What is required
For the entries below, copy exactly the line that contains "En esta pestaña" through the line that contains "Смеситель для раковины, Hansgrohe, Axor Montreux, тип", both ends included, and exclude all pictures.

Extracted records

* * * * * * * * *

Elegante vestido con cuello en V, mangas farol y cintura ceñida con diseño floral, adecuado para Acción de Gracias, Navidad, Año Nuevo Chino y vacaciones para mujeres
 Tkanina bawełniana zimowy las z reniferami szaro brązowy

* * * * * * * * *

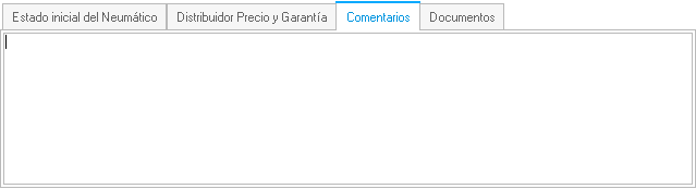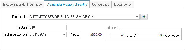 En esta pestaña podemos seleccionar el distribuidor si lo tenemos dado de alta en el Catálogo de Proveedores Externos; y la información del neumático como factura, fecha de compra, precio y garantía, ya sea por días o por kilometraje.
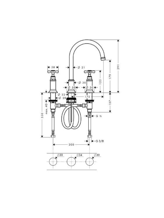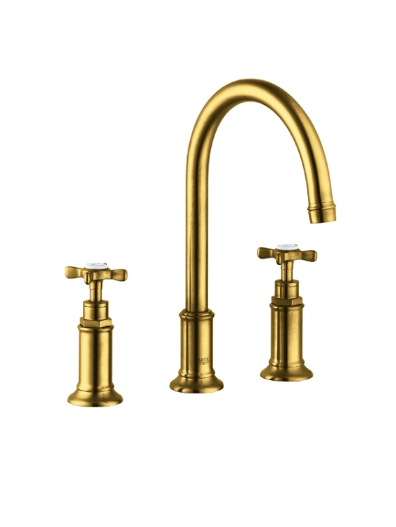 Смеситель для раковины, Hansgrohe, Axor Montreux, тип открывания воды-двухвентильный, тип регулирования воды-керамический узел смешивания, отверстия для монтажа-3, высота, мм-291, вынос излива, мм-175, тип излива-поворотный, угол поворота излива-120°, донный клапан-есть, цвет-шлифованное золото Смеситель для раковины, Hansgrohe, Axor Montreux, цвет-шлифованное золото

* * * * * * * * *

Response to the exercise
 En esta pestaña podemos seleccionar el distribuidor si lo tenemos dado de alta en el Catálogo de Proveedores Externos; y la información del neumático como factura, fecha de compra, precio y garantía, ya sea por días o por kilometraje.
 Смеситель для раковины, Hansgrohe, Axor Montreux, тип открывания воды-двухвентильный, тип регулирования воды-керамический узел смешивания, отверстия для монтажа-3, высота, мм-291, вынос излива, мм-175, тип излива-поворотный, угол поворота излива-120°, донный клапан-есть, цвет-шлифованное золото Смеситель для раковины, Hansgrohe, Axor Montreux, цвет-шлифованное золото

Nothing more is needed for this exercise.